As human beings, it’s in our nature to search for love. Having a romantic connection with someone is one of the most fulfilling feelings in the world. And while many of us are lucky enough to have a passionate relationship with someone throughout our lifetime, it can be a different story for a hopeless romantic. But what is a hopeless romantic? Is being hopelessly in love something to worry about? And how can you tell if you are one yourself? Keep reading for more information!
- Hopeless Romantics dream about grand romantic gestures and prioritize love.
- Although being hopelessly in love is not bad, it is essential to find balance in your love life.
What is a Hopeless Romantic?
A hopeless romantic desires a storybook romance filled with rainbows and butterflies. They dream about grand romantic gestures and blissful experiences, regardless of any negative encounters they’ve had with love in the past. All in all, a hopeless romantic often falls in love with the idea of being in love and what it can potentially offer, rather than the individual they decide to be with. This way, they can still have their version of happily ever after, even if the person they are with is not the best for them. Some other signs you or someone you know is a hopeless romantic are:
- They cannot notice red flags, even if they have been in a relationship with their partner for a long time.
- A hopeless romantic will fall hard for new people quickly.
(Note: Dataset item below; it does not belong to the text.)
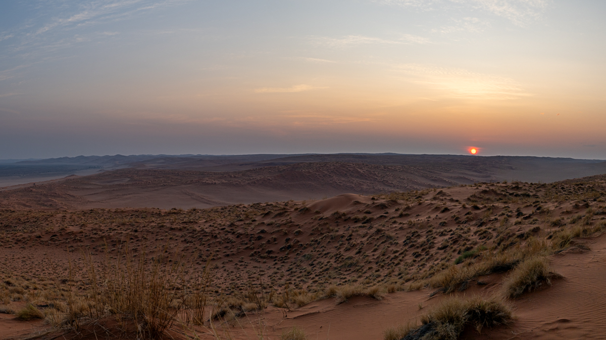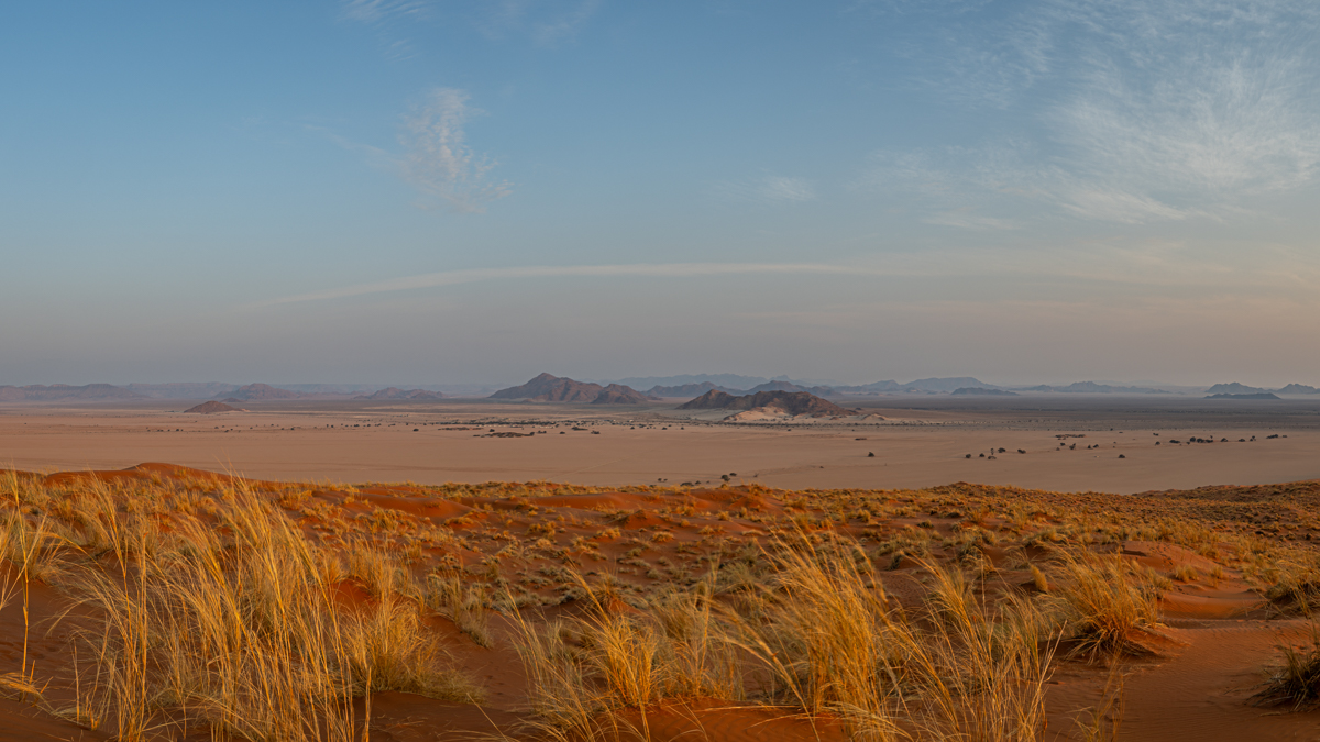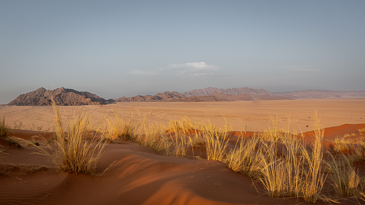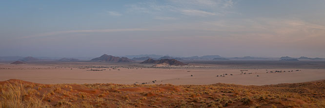 Der Ausblick in eine schier endlose Weite mit sich darin erhebenden Bergketten und dem dazugehörigen Licht- und Farbspiel sind absolut beeindruckend. Insbesondere der rote Dünensand mit dem gelben Gras im Vordergrund ist fantastisch und ein Kontrast zur Sossusvlei und dem Dead Vlei.

They tend to experience an instant connection with everyone they meet.
- An hopelessly in love individual will spend their time daydreaming about being in a relationship, getting married, and being in love.
- They tend to lovebomb their partners even if they are in a toxic relationship.
- A hopeless romantic may constantly find themselves in a one-sided relationship.
- Regardless of how many hurtful breakups they experience, they still believe their grandiose romantic relationship will happen.
- These individuals will make love and relationships their priority.
- They are straightforward and know precisely what they want in their version of a perfect partner.
- A hopeless romantic sees the best in everyone, despite how others treat them.
- They do not prioritize themselves and will go out of their way to make sure their partner is happy rather than take care of themselves.
- Although they date a lot, they have difficulties maintaining long-term relationships.
- They believe that nothing is more important than achieving their happily ever after.
Is it healthy to be a hopeless romantic?
Furthermore, now that we understand what a hopeless romantic is, you’re probably wondering whether being one is healthy or not. And to answer this question, there is nothing wrong with being hopelessly in love and appreciating the diverse aspects of romance. In fact, it is healthy to know what you want and expect from someone when you are in a relationship with them.
However, when you are unaware of hopeless romantic tendencies like those listed above, you can find yourself stuck in unhealthy situations. Moreover, hopeless romantics are more likely to experience more difficult breakups with partners as they have invested so much energy into another person. As a result, this can lead them to believe they have lost a considerable part of themselves, leading to unhealthy behaviors and a lack of self-esteem.
In addition, hopeless romantics cannot pick up on red flags in a relationship. It can put them at risk of being treated horribly without the self-awareness they require to leave a situation that is not healthy for them. Lastly, if you are a hopeless romantic, you likely set yourself up for failure more often than not when it comes to love. Again, this can leave you feeling more disappointed than fulfilled in love.
How to balance love and practicality
As mentioned above, there is nothing wrong with being a hopeless romantic. However, there are ways to balance love and practicality. You can find a partner who loves and treats you the way you deserve.
Here is how you can be a hopeful romantic rather than a hopeless romantic:
1. Be Clear with What You Want Up Front
The first way to find a healthy balance in love is to be upfront with what you expect and what you want from your potential partner. Even though dating can be overwhelming, it’s better to be upfront and communicate. Talk with your partner in the early stages of any relationship rather than become distracted by love and the honeymoon phase. This way, you can ensure that your relationship is 50/50, not one-sided.
2. Stay Away from Romanticizing Drama
Yes, all couples have their fair share of conflict and drama. However, you mustn’t romanticize this conflict by allowing it to overshadow the positive aspects of your relationship. Therefore, you may be in a toxic relationship if you notice that you and your partner have not been getting along. So, rather than overlooking the negative aspects of your relationship, it is best to confront them and determine if your relationship is something you want to continue working on.
3. Don’t Focus on Grandiose Love Gestures
Like pushing drama under the rug, you also need to be realistic about grand love gestures rather than confronting them. While it is okay to dream of grand romantic gestures on special occasions, you should not let them define your relationship. Otherwise, you can overlook more minor gestures your partner provides you with every day and ignore the type of person.
4. Don’t Compare Your Relationship with Others
It’s easy to compare your relationship with others. However, it’s key to remember that all relationships are different, and people express love in different ways. Therefore, by focusing on other people’s relationships, you can take aspects of your own relationship for granted and remain looking for unattainable love.
5. Understand that Relationships Change Over Time
All relationships change over time, and therefore, you can’t expect to remain in the honeymoon phase forever. Thus, rather than being upset the honeymoon phase is over, try looking for new methods to romanticize your relationship. This way, you can keep that spark alive together.